Task prompt: Transcribe the data that follows in full. Leave out the pictures.

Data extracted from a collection
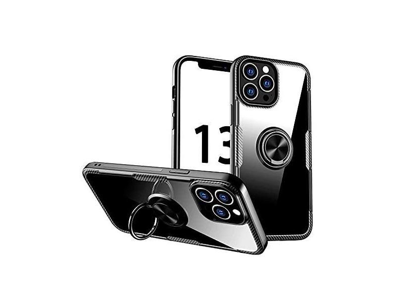 SORAKA Capa transparente para iPhone 13 Pro Max com suporte para anel,capa de PC rígida transparente Capa iPhone 13 Pro Max com placa de metal para suporte magnético de telefone para carro
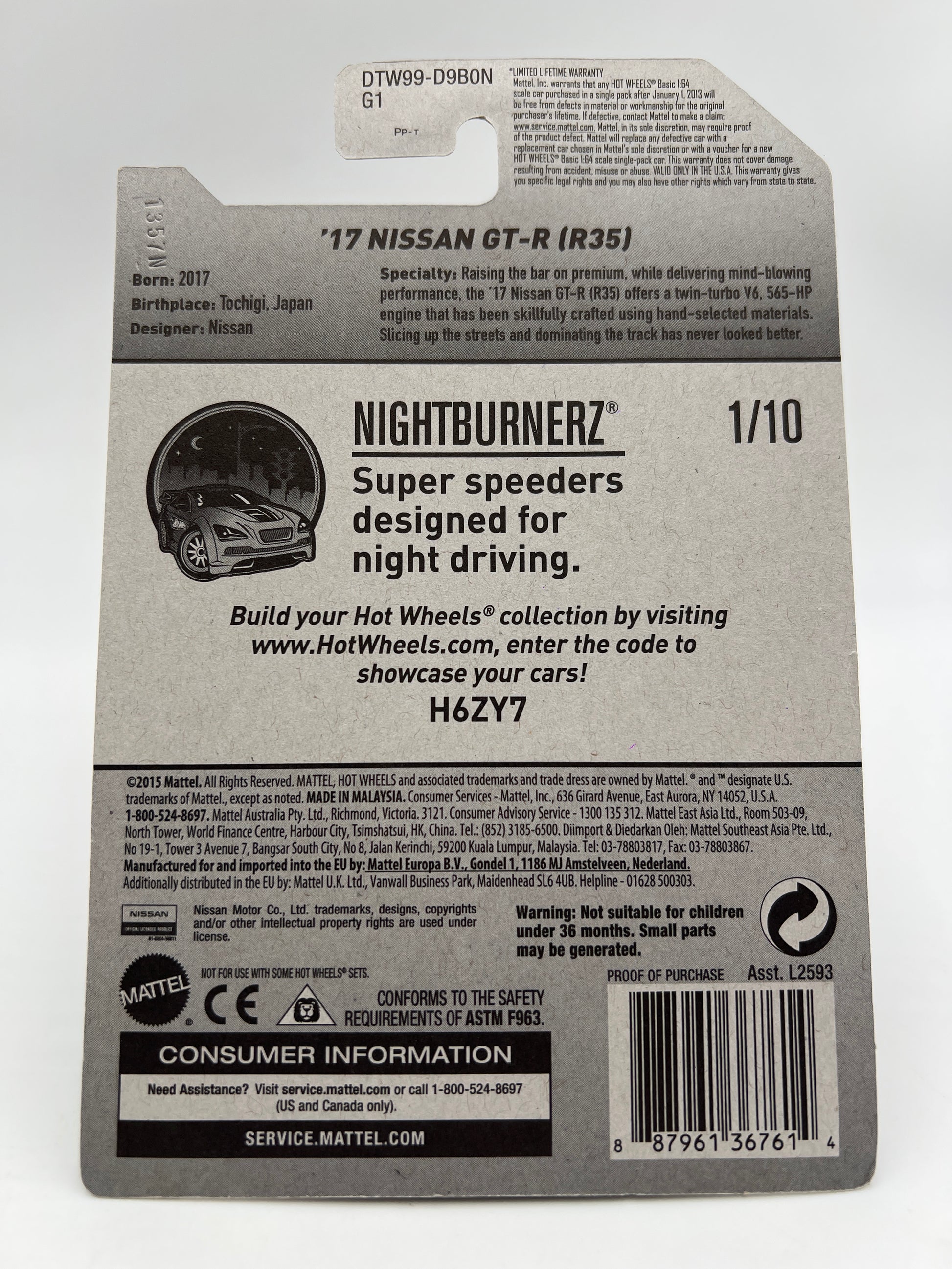 2017 Hot Wheels Factory Sealed Nightburnerz #282 17 Nissan GT-R R35 Orange W/Protector
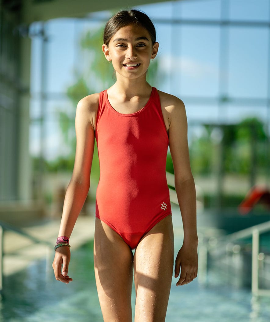 Compared to our other popular model, the Freestyler Solid for girls, this Eco Pool Party model offers more support and coverage in the suit design, with wider straps, a lower leg cut for more coverage at the hips, a firmer back for higher body firmness, a higher chest curvature, and is made from recyclable materials. Conversely, this model is not as sporty in appearance and offers a lesser degree of freedom.
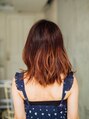 伸ばしかけのミディアムスタイルにカラーでマンネリ脱出! グラデーションカラーにハイライトをプラス。 カラーの色味に直接のせても可愛い!ワンカール外はねに残す事でゆるいウェーブになりニュアンスパーマ仕上がりに。
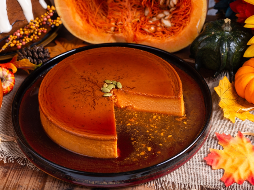 For the caramel, melt 1 cup sugar in a saucepan over medium heat until golden. Pour the melted caramel into a flan dish and set it aside. For the flan, whisk together 1 cup pumpkin puree, 3 eggs, 1/2 cup sugar, 1/2 teaspoon cinnamon, and 1/4 teaspoon nutmeg. Pour the mixture over the caramel and bake in a water bath at 350°F for 45 minutes. Let it cool before flipping onto a serving plate to reveal the caramel glaze. Serve this decadent dessert to add an elegant Halloween touch to your table.
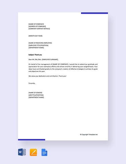 Thank you letter is one of the important letter to contacts to express gratitude to some. Choose from our free employee thank you letter templates to write personalized expressions of gratitude to an employee for his (or her) efforts. You can express excitement and optimism for your.
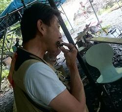 「じゃ、炭熾して焼いてるんで、30分くらいしたら来てください。」
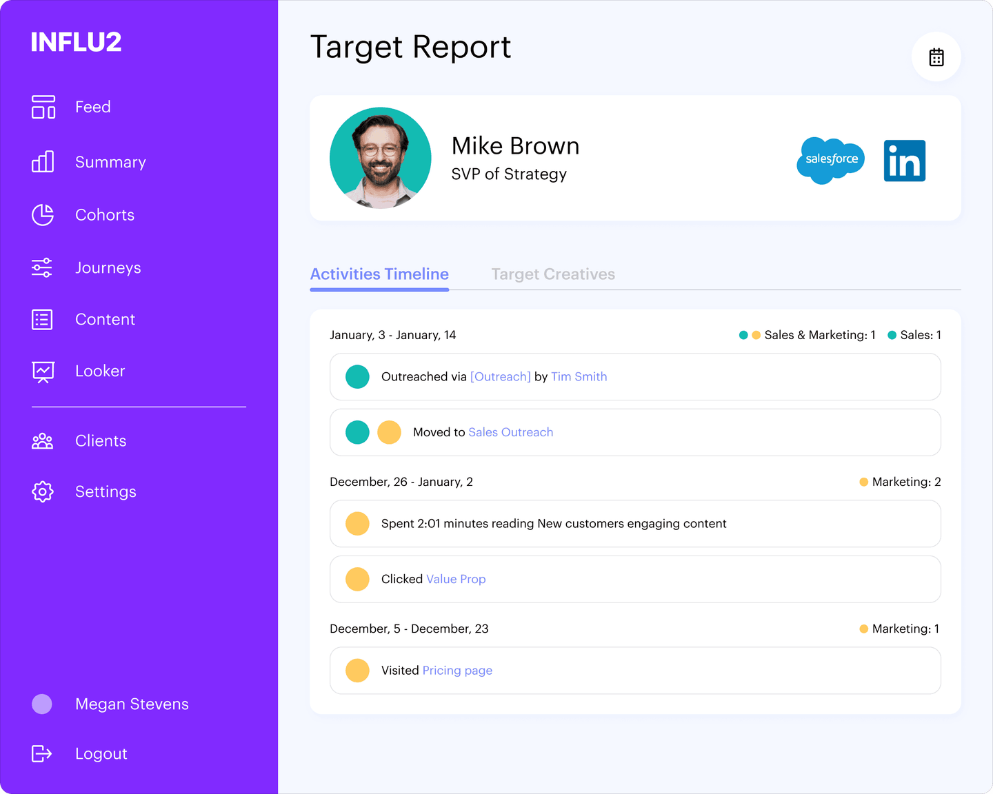 Influ2’s platform does this automatically, calculating a behavioral score based on ad and landing page engagement. It uncovers typically hidden insights, like how quickly someone clicked on an ad and how long they spent on the landing page. As the account readiness score increases, this will let your commercial teams know when an account is ready for outreach.

Answer for this exercise:
 SORAKA Capa transparente para iPhone 13 Pro Max com suporte para anel,capa de PC rígida transparente Capa iPhone 13 Pro Max com placa de metal para suporte magnético de telefone para carro
 2017 Hot Wheels Factory Sealed Nightburnerz #282 17 Nissan GT-R R35 Orange W/Protector
 Compared to our other popular model, the Freestyler Solid for girls, this Eco Pool Party model offers more support and coverage in the suit design, with wider straps, a lower leg cut for more coverage at the hips, a firmer back for higher body firmness, a higher chest curvature, and is made from recyclable materials. Conversely, this model is not as sporty in appearance and offers a lesser degree of freedom.
 伸ばしかけのミディアムスタイルにカラーでマンネリ脱出! グラデーションカラーにハイライトをプラス。 カラーの色味に直接のせても可愛い!ワンカール外はねに残す事でゆるいウェーブになりニュアンスパーマ仕上がりに。
 For the caramel, melt 1 cup sugar in a saucepan over medium heat until golden. Pour the melted caramel into a flan dish and set it aside. For the flan, whisk together 1 cup pumpkin puree, 3 eggs, 1/2 cup sugar, 1/2 teaspoon cinnamon, and 1/4 teaspoon nutmeg. Pour the mixture over the caramel and bake in a water bath at 350°F for 45 minutes. Let it cool before flipping onto a serving plate to reveal the caramel glaze. Serve this decadent dessert to add an elegant Halloween touch to your table.
 Thank you letter is one of the important letter to contacts to express gratitude to some. Choose from our free employee thank you letter templates to write personalized expressions of gratitude to an employee for his (or her) efforts. You can express excitement and optimism for your.
 「じゃ、炭熾して焼いてるんで、30分くらいしたら来てください。」
 Influ2’s platform does this automatically, calculating a behavioral score based on ad and landing page engagement. It uncovers typically hidden insights, like how quickly someone clicked on an ad and how long they spent on the landing page. As the account readiness score increases, this will let your commercial teams know when an account is ready for outreach.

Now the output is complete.